Солнце висит в зените, слепя ей глаза, и под платьем у нее скатываются бусинки пота, смачивая ткань. Солнечный свет отражается от гранита надгробного камня, ей приходится щуриться, но она все равно не сводит взгляда с букв, выгравированных пять лет назад. От ярких бликов глаза слезятся — неважно, все равно они у нее всегда на мокром месте, когда она сюда приходит. Надо было захватить темные очки. Надо было надеть платье посветлее. Надо было что-то сделать, чтобы предотвратить его смерть.

Салли сжимает распятие, висящее у нее на шее, и оно сильно впивается ей в ладонь. Она уже не может вспомнить, когда в последний раз снимала его, и боится, что если она это сделает, то свернется в маленький комочек и будет плакать и плакать, целую вечность, и остаток своих дней проведет не в силах сделать ни единого движения. Это распятие было на ней в больнице, в тот момент, когда вошел врач и сообщил ее семье прискорбное известие. Она крепко держалась за него, когда ее усаживали на стул и со скорбными лицами сообщали то, что говорили бесчисленным другим семьям, знающим, что их родные умирают, но все еще цепляющимся за надежду. Оно было у ее сердца, когда она возила родителей в дом гражданской панихиды и сидела с директором за чаем, к которому никто так и не притронулся, листая блестящие страницы брошюры с гробами, пытаясь выбрать тот, который лучше всего подошел бы ее покойному брату. То же надо было проделать с костюмом. Даже у смерти теперь была какая-то мода. Костюмы в каталогах были сфотографированы на манекенах, потому что странно бы они смотрелись на беззаботных, пытающихся выглядеть сексапильно парнях, с ослепительной улыбкой до ушей.

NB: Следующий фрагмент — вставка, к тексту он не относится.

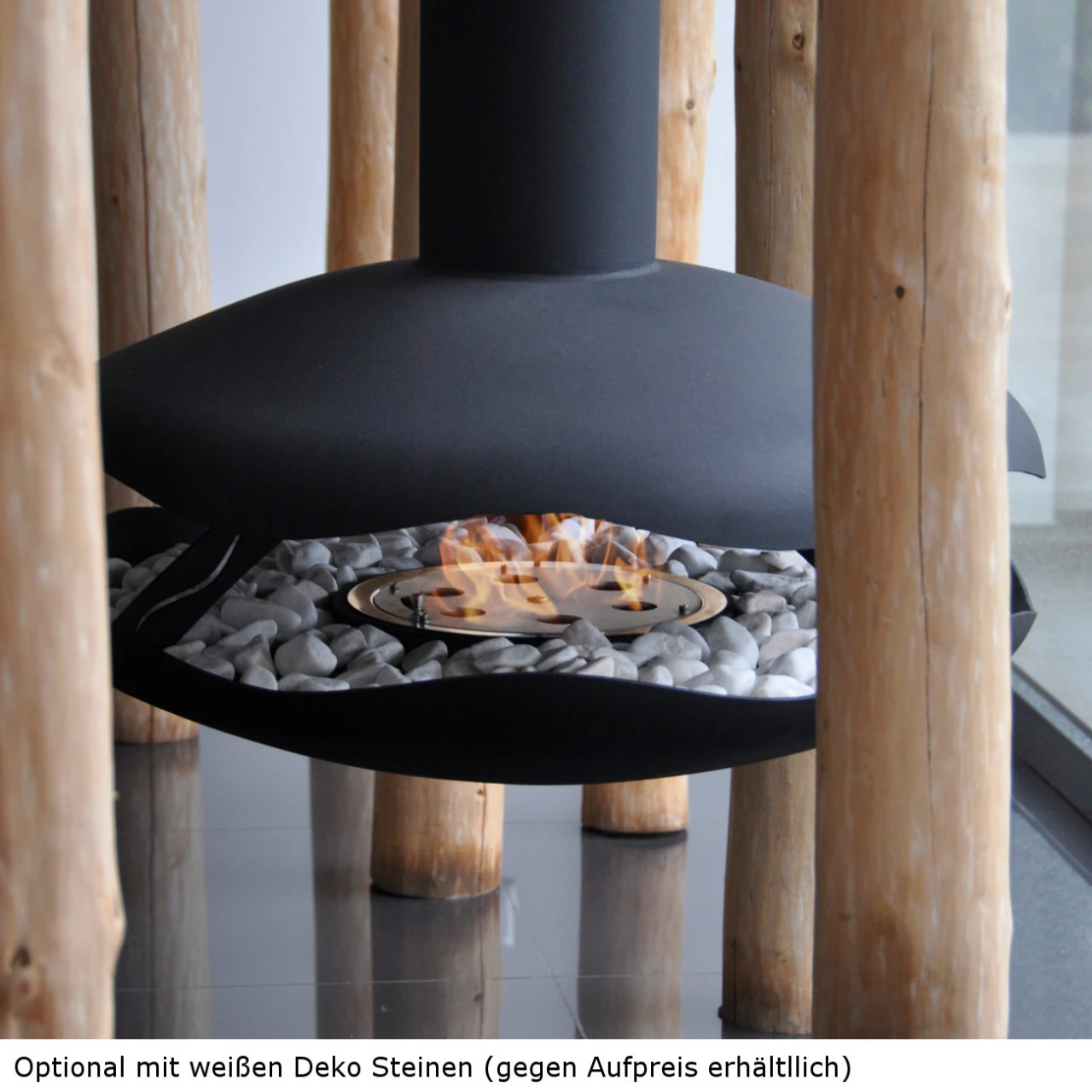 Bitte beachten Sie dass die Decke bzw. dort wo der Biokamin angebracht werden soll, eine Tragfähigkeit von mind. 85 kg betragen sollte.

И с тех пор она носит это распятие каждый день и руководствуется им, пытаясь помнить, что Мартин теперь в лучшем мире, а жизнь не такая уж мрачная штука.

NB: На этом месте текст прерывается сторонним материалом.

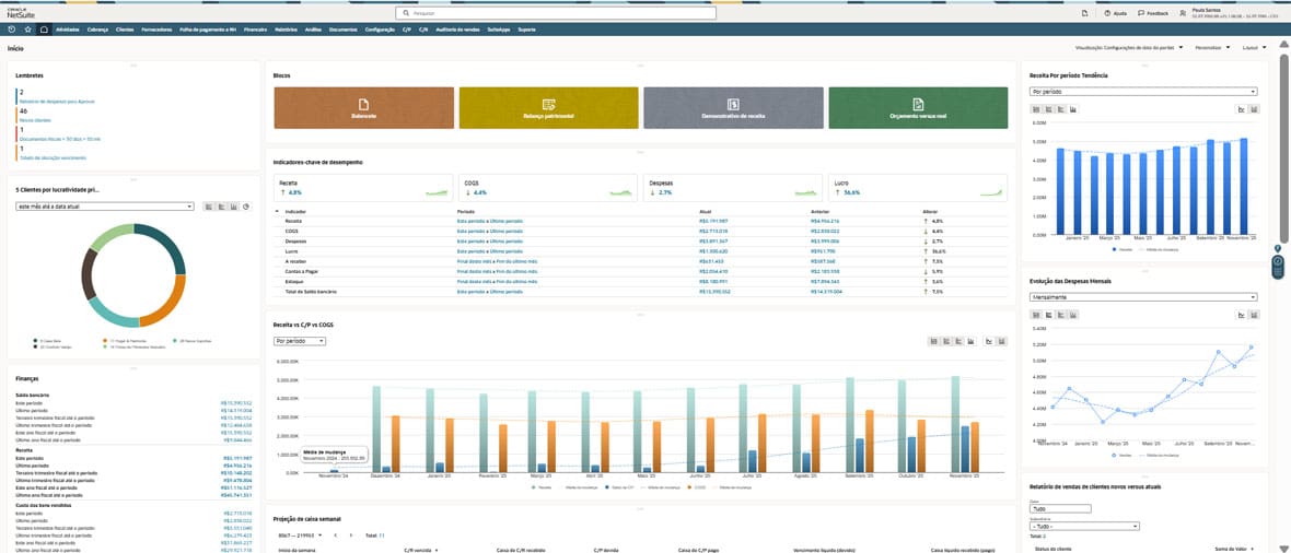As soluções setoriais da NetSuite, impulsionadas por inteligência artificial, oferecem um conjunto robusto de processos e funcionalidades, incluindo KPIs, painéis de controle por função, relatórios e fluxos de trabalho. Você ainda conta com a flexibilidade para personalizar facilmente o NetSuite conforme as necessidades exclusivas do seu negócio.

Она смотрела на могилу минут сорок, не в силах оторвать взгляд. Тени от растущих поблизости дубов потихоньку вытягивались. Время от времени северо-восточный ветер отрывал от веток желуди и бросал их на надгробный камень, и щелчки напоминали звук ломающихся пальцев. Кладбище раскинулось пышным зеленым ковром, тут и там прорезанным цементными дорожками; в данный момент было практически безлюдно, за исключением нескольких людей, стоящих над надгробными плитами, каждый со своей трагедией на лице. Она думает о том, не бывает ли тут днем больше народу, нет ли у кладбища часа пик. Не хотелось верить, что одни люди умирают, а другие о них забывают. Недалеко на машине-газонокосилке какой-то мужчина лавировал между могилами, выкручивая руль так, будто эта была гоночная машина; наверное, ему не терпелось поскорее закончить работу и убраться отсюда. Звук мотора доносится до нее как будто издалека. Когда-нибудь и этого мужчину, ухаживающего за кладбищем, тут похоронят. И кто тогда будет косить газоны?

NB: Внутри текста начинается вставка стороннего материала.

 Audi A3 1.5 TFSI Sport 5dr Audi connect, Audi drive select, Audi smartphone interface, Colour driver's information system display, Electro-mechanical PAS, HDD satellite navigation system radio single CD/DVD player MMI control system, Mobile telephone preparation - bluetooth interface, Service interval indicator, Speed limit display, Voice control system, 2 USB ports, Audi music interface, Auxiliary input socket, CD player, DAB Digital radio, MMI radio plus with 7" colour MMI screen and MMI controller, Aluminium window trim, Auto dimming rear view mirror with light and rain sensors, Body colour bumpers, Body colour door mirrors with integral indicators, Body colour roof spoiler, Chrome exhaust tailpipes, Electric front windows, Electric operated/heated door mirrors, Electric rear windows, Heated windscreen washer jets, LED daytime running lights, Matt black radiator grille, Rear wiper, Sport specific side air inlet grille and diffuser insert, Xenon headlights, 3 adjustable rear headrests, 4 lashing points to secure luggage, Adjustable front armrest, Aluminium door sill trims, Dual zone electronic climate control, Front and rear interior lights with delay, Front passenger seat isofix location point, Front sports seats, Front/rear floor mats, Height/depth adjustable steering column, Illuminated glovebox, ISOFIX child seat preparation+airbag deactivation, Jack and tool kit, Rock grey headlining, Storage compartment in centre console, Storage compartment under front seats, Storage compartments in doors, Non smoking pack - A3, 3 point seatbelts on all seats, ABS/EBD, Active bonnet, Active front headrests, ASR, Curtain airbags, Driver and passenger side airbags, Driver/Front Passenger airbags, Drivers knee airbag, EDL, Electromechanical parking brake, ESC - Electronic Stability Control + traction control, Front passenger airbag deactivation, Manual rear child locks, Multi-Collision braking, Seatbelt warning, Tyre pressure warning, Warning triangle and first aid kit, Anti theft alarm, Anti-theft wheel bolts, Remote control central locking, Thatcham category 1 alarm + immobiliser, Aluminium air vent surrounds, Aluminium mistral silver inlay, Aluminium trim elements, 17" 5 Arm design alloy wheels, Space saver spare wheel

Она даже не знает, откуда у нее берутся такие мысли. Смерть кладбищенского работника, час-пик на кладбище, люди, забывающие о мертвых. С ней всегда так, когда она сюда приходит. Чувствует себя совершенно разбитой, а в голове все путается, будто кто-то засунул ее мысли в шейкер и хорошенько взболтал. Она любила приходить сюда раз в месяц, хотя «любила» — вряд ли подходящее слово. Она всегда, не пропустив ни разу, приходила сюда на годовщину смерти Мартина. Сегодня как раз такой день. А завтра был бы день его рождения. Или будет. Она не была уверена насчет того, может ли у тебя быть день рождения, если ты уже в земле. Почему-то, сама не зная почему, она никогда не приходила сюда в день его рождения, только накануне. Но пропусти она этот день, и, без сомнения, это повлекло бы за собой такие же последствия, как если бы она сняла распятие. Ее родители были тут сегодня чуть раньше; это видно по свежим цветам, лежащим на могиле рядом с ее собственными. Она никогда не приходит сюда вместе с родителями. Еще один странный факт, не имеющий объяснения.